[Exercise] Find the line with "AQQA Aquarium Cleaning" in the data below. Repeat it and every line after it up to the end, exactly, but drop the pictures.
[Opening Data block section]
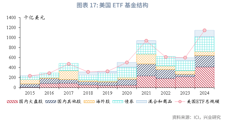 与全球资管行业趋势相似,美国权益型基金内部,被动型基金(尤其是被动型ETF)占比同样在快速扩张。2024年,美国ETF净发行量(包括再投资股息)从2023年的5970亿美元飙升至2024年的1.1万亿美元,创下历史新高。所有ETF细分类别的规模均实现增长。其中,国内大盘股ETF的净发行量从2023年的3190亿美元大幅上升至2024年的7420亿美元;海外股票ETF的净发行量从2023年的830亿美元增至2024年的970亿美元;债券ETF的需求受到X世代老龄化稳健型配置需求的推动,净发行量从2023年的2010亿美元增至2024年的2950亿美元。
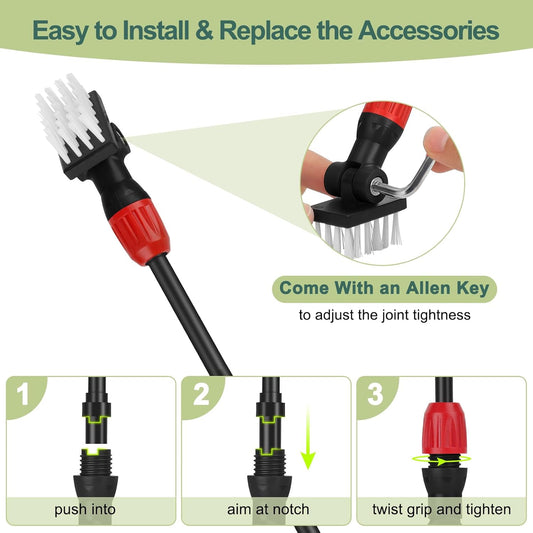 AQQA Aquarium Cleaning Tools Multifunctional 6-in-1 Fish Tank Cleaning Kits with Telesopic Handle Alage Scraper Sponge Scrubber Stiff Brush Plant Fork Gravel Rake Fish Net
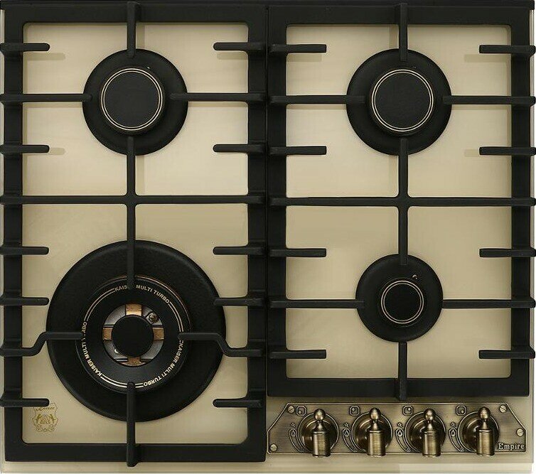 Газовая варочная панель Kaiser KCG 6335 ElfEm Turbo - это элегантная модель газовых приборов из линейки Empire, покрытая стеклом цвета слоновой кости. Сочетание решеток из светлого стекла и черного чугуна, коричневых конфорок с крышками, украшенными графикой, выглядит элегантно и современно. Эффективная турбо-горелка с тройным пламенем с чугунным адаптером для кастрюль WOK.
[Closing Data block section]
[Final answer]
 AQQA Aquarium Cleaning Tools Multifunctional 6-in-1 Fish Tank Cleaning Kits with Telesopic Handle Alage Scraper Sponge Scrubber Stiff Brush Plant Fork Gravel Rake Fish Net
 Газовая варочная панель Kaiser KCG 6335 ElfEm Turbo - это элегантная модель газовых приборов из линейки Empire, покрытая стеклом цвета слоновой кости. Сочетание решеток из светлого стекла и черного чугуна, коричневых конфорок с крышками, украшенными графикой, выглядит элегантно и современно. Эффективная турбо-горелка с тройным пламенем с чугунным адаптером для кастрюль WOK.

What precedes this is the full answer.